Your task is to retype, exactly, the line containing "清仓超值亲子装 红色毛衣过年服春节国风拜年服新年一家三口母女装" and every later line through the end of the listing, with pictures omitted.
*** Source data Section Begins ***
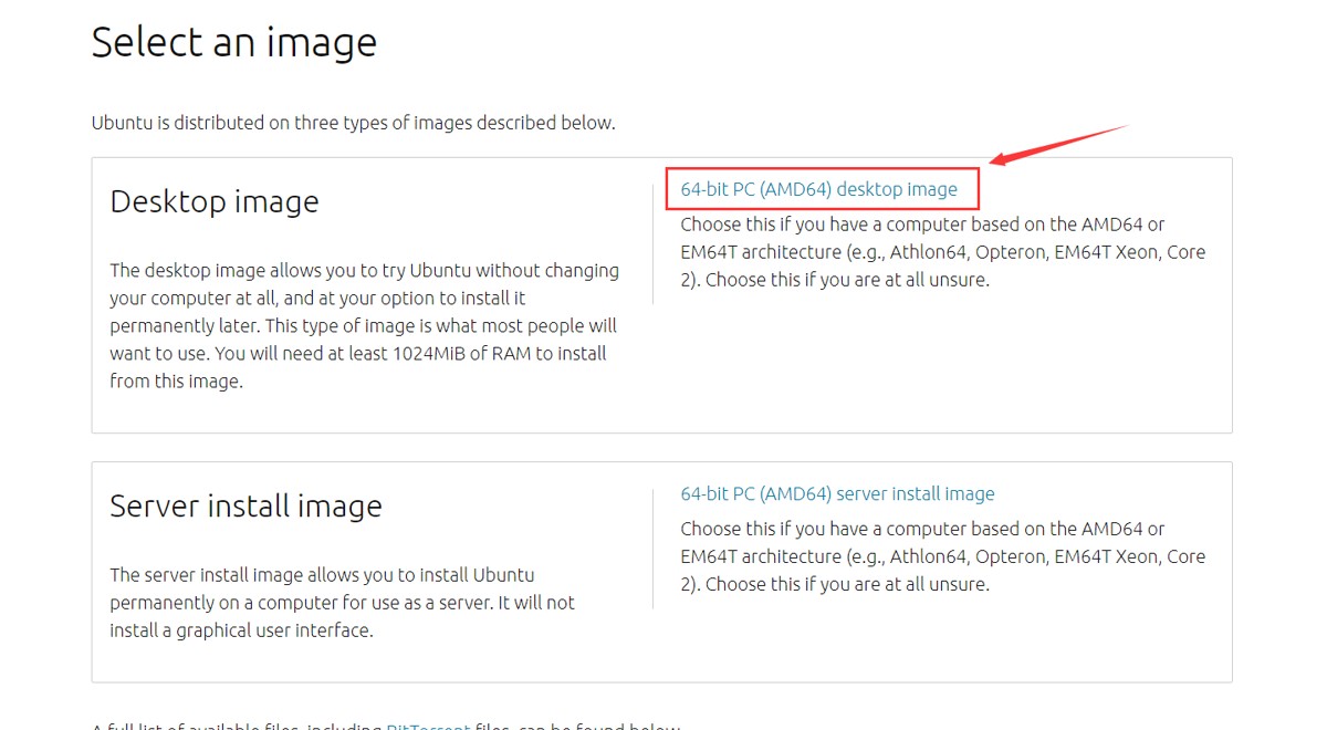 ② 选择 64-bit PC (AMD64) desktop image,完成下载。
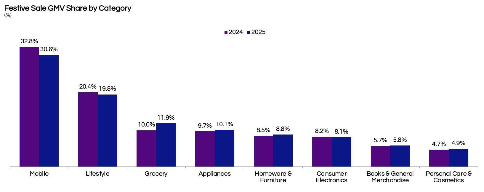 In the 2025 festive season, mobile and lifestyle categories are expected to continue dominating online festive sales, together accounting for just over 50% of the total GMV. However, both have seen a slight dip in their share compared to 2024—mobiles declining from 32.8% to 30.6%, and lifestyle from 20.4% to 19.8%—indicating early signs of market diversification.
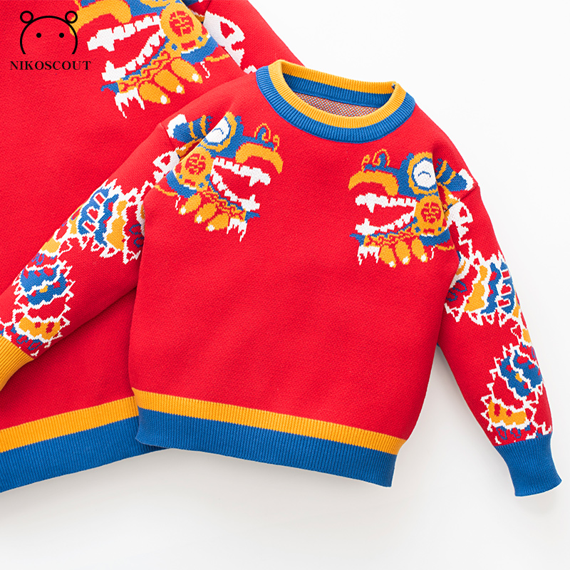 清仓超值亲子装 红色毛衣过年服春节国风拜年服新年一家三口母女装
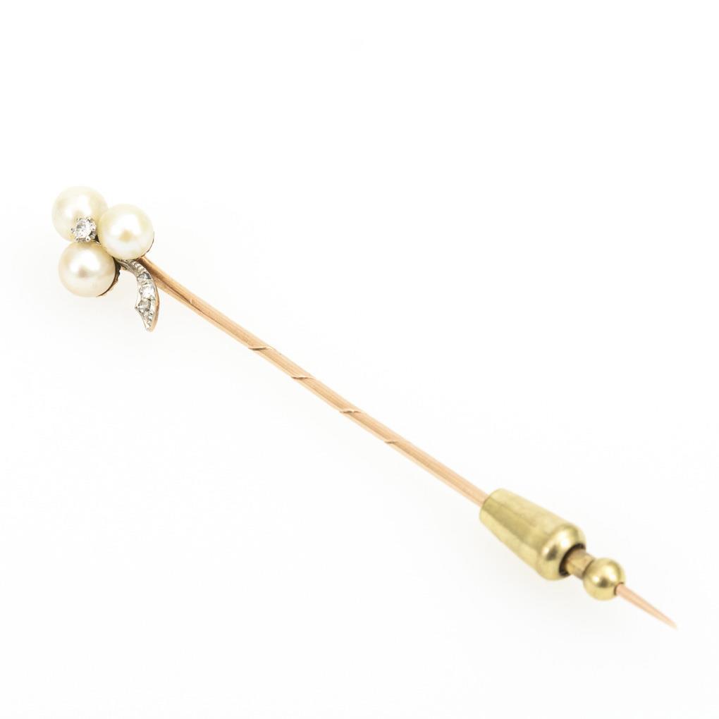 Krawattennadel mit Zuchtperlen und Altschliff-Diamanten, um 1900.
*** Source data Section Ends ***
Result for this task:
 清仓超值亲子装 红色毛衣过年服春节国风拜年服新年一家三口母女装
 Krawattennadel mit Zuchtperlen und Altschliff-Diamanten, um 1900.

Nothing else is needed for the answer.